Today's post is full of knowledge on how to stay healthy and active in your daily life through exercise. The knowledge in this post is better than anything I could try to make up for you-keep reading to see why! Jennifer McGregor and her classmate are both pre-med students and created PublicHealthLibrary.org as part of a class project.  They enjoyed developing the website so much that they decided to keep it running and continue to develop it. They are hoping for the site to become a go-to health and wellness resource online. 

Make a Schedule and Stick to It
Busy work schedules and personal life make it difficult to exercise. The truth, however, is that it is easier to make excuses than it is to make a commitment to an exercise schedule. By making fitness a priority in your life, you will find that it is much easier to create a schedule for daily exercise and to stick to it. Sometimes simply penciling this into your regular schedule makes it become an automatic part of your day.

Become a Morning Person (#teammorning-AT)
Okay, so being a morning person may not fit into your current routine. In getting up earlier, committed to exercising, your morning workout will soon become part of your routine. You can get your workout off your to-do list first thing in the morning, and not have to worry about squeezing it in later in the day. People who exercise in the morning often say that it energizes them and enhances their mood.

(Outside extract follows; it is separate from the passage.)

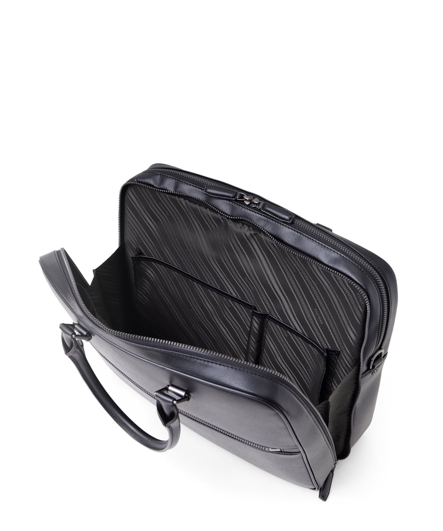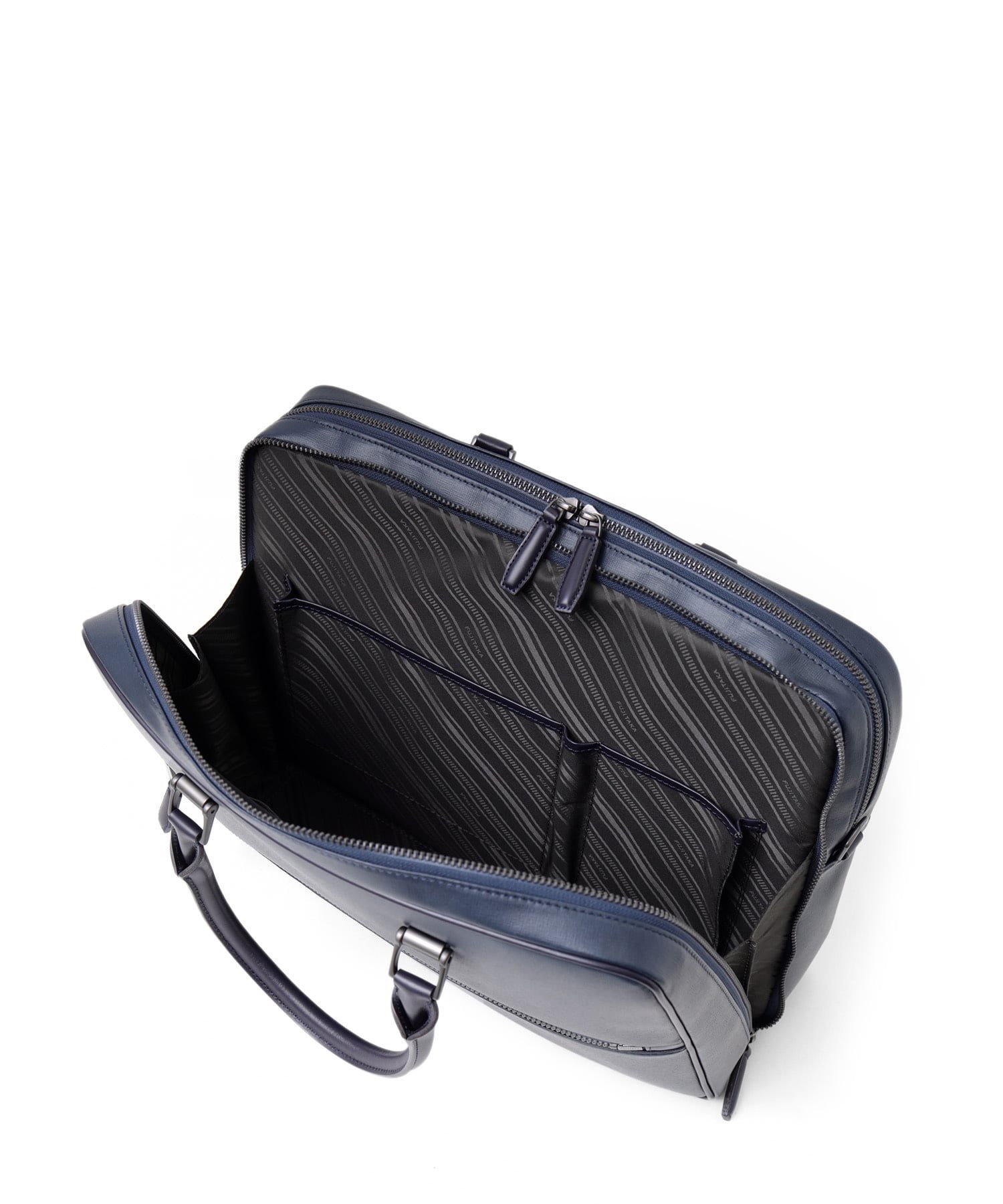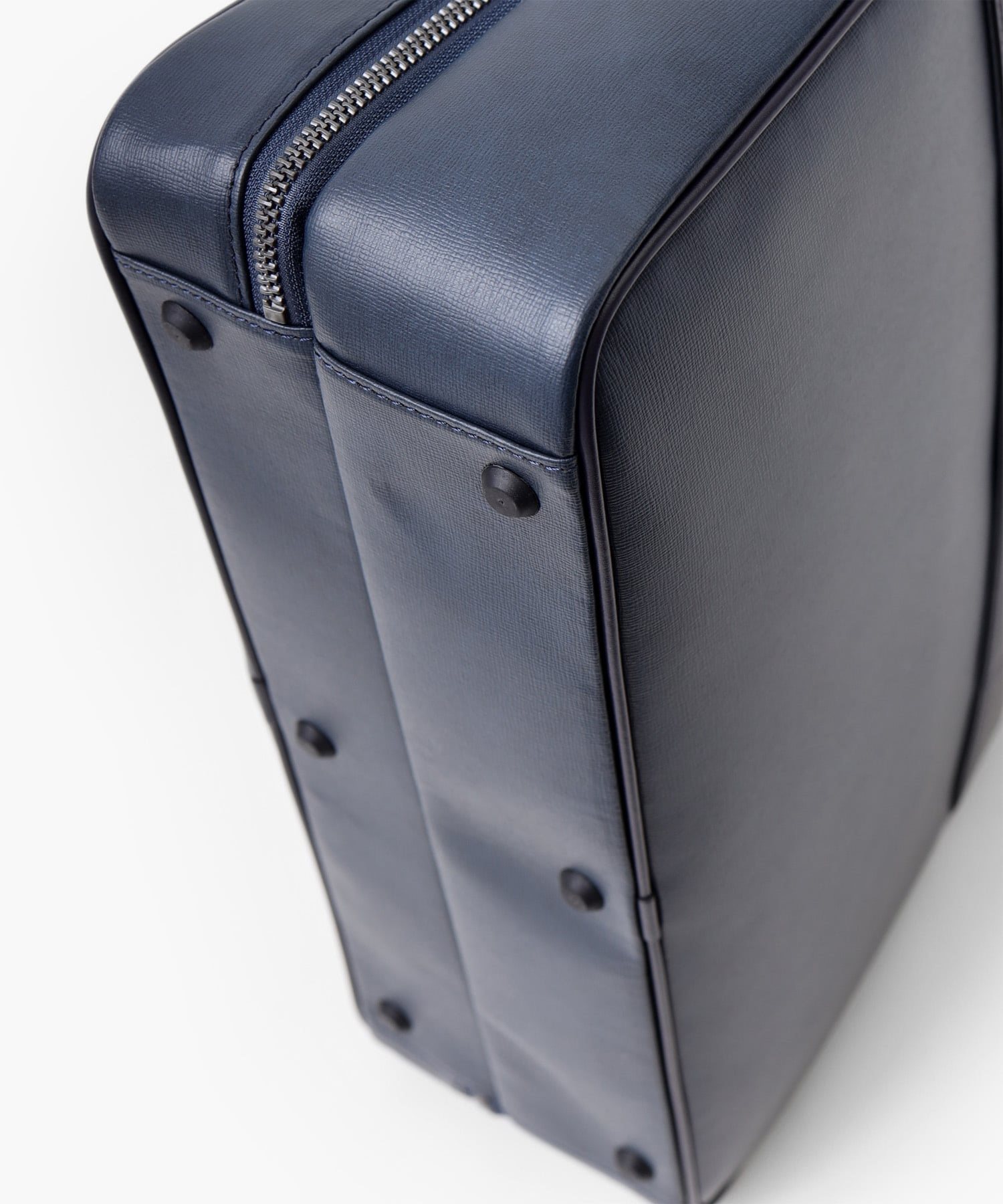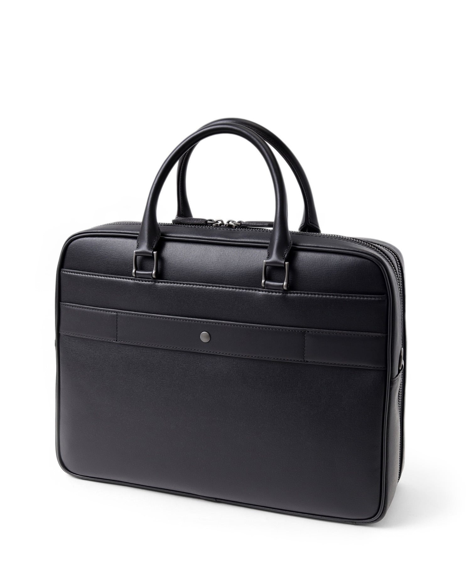 「クラリーノ」を使った、FUJITAKAのA4サイズのビジネスバッグ。ダブルファスナータイプです。この素材は、型崩れしにくく高級感があり、丸みを帯びた風合いが特徴で、天然皮革に近い一体感のあるなじみを再現しています。
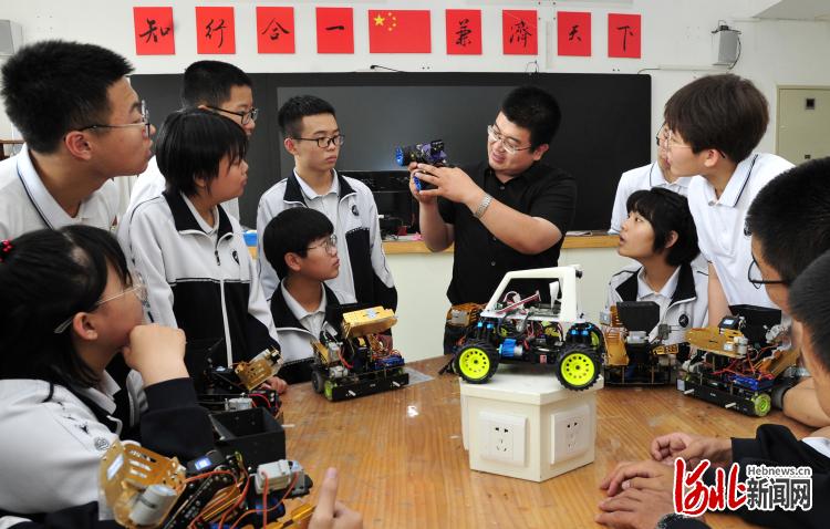 2021年6月25日,在沧州市第一中学机器人实验室,科技老师张振凯为学生们讲解无人驾驶模型车工作原理。

That’s a great trade-off for getting up earlier!

via barre3

via barre3

Get Paid to Exercise
Money is a great motivator. If you think that making a little extra cash while exercising sounds like a good idea, there are several options available. One option is to become a dog walker and/or pet sitter. Not only do you get the benefit of hanging out with some awesome dogs, but you get paid to exercise in a fun way. Other great ways to work exercise into your day while getting paid include becoming a mail carrier, guiding walking tours in your area, teaching fitness classes, becoming a ski instructor, or volunteering as a coach or referee.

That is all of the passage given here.